Curcumin, a chemical found in turmeric plants, was more effective than suberanilohydroxamic acid, or SAHA, in reducing tumor mass in sarcomatoid malignant mesothelioma (MM) when tested in rats, and did not generate cells resistant to the drug being used, as SAHA did, researchers report.
Their study, “Evaluation of intracavitary administration of curcumin for the treatment of sarcomatoid mesothelioma,” was published in the journal Oncotarget in February.
Malignant mesothelioma is a cancer most often found in the lining of the lungs and chest wall, but can also affect the linings of other parts of the body, such as the abdomen or heart. Sarcomatoid mesothelioma is the least common, but most aggressive, of the three major subtypes of mesothelioma, and is formed by sarcomatoid cells in the pleura, or lining of the lungs.
Curcumin is a bright yellow chemical found in some plants, particularly turmeric. SAHA, marketed as Zolinza (vorinostat), is an epigenetic drug that induces changes in the DNA. Zolinza is approved to treat skin problems caused by cutaneous T-cell lymphoma.
Researchers first tested the ability of curcumin to kill cancer cells from sarcomatoid MM tumors grown in the laboratory. They established the dose of curcumin required to kill all of the cultured tumor cells.
Then they initiated sarcomatoid MM tumors in rats, and allowed metastasis, or spread of the cancer to other tissues, to happen by injecting the rats with tumor cells and allowing the tumors to grow and spread for three weeks.
The rats were treated with either curcumin or SAHA at 21 and 26 days after the initial injection of tumor cells. Curcumin killed more tumor cells than SAHA, and tumors in rats treated with SAHA had clusters of cells that were resistant to treatment.

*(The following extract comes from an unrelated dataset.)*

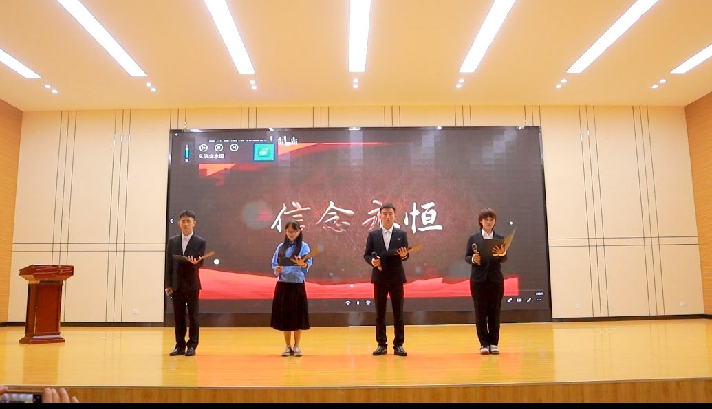 最后,党史宣讲团的全体成员用一首诗朗诵——《信念永恒》预告了活动即将接近尾声,正如诗词中说的一样,“朋友,如今,党已经带领我们,走进第一百个绚烂的春季,多么令人期待的时刻呀,为了今天的到来,我们的奋斗正未有穷期!”

When curcumin was administered to the rats one week after the injection of tumor cells, the size of the tumors dropped dramatically by the 16th day.

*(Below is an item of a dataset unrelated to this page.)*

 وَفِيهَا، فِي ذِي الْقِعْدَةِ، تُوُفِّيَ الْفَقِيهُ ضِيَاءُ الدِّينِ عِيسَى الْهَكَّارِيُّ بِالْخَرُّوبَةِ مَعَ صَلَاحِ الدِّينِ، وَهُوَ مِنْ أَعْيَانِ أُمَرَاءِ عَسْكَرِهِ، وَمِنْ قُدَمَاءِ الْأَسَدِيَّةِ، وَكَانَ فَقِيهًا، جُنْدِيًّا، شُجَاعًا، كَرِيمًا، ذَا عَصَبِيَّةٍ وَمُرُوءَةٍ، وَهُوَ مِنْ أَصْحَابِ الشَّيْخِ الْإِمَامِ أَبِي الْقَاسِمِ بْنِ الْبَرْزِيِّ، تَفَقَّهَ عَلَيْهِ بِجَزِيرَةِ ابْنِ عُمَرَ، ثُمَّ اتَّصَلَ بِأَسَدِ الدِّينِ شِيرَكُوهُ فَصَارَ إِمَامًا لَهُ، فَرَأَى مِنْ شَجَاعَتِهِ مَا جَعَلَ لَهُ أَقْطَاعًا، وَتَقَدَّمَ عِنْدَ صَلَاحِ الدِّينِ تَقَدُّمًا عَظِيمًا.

The researchers also found that curcumin appeared to stimulate the immune system, observing a type of white blood cell surrounding remaining tumors in rats treated with curcumin. This white blood cell, known as a CD8+ T-cell, is known to kill cancer cells under the right conditions.

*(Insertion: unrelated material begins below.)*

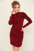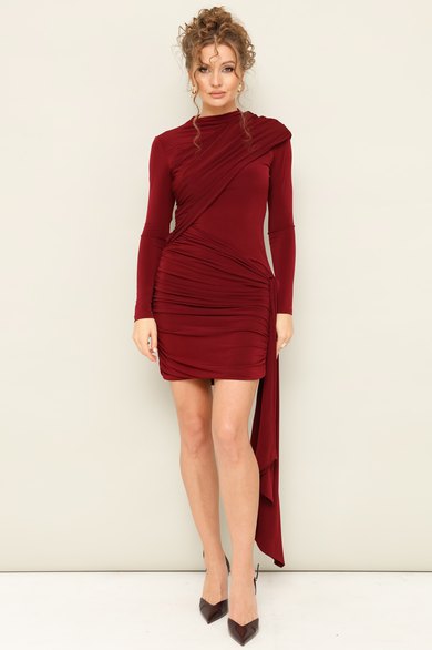 Платье прилегающего силуэта в длине мини, выполнено из эластичной ткани - масло. Горловина с цельнокроеной стойкой. Рукава длинные втачные. Перед и спинка декорированы диагональными деталями со сборкой в области лифа и бедер.

“In conclusion, these data open up interesting new prospects for the therapy of malignant mesothelioma with curcumin, in particular the sarcomatoid subtype,” the research team wrote. “Future studies will determine the best sequence/dose(s) of curcumin or its many derivatives to use to optimize the specific immune response directed against M5-T1 cells. A complementary approach would also be the combination of curcumin/derivatives with current chemotherapeutic agents to reduce the dose used and the associated systemic toxicity of the latter.”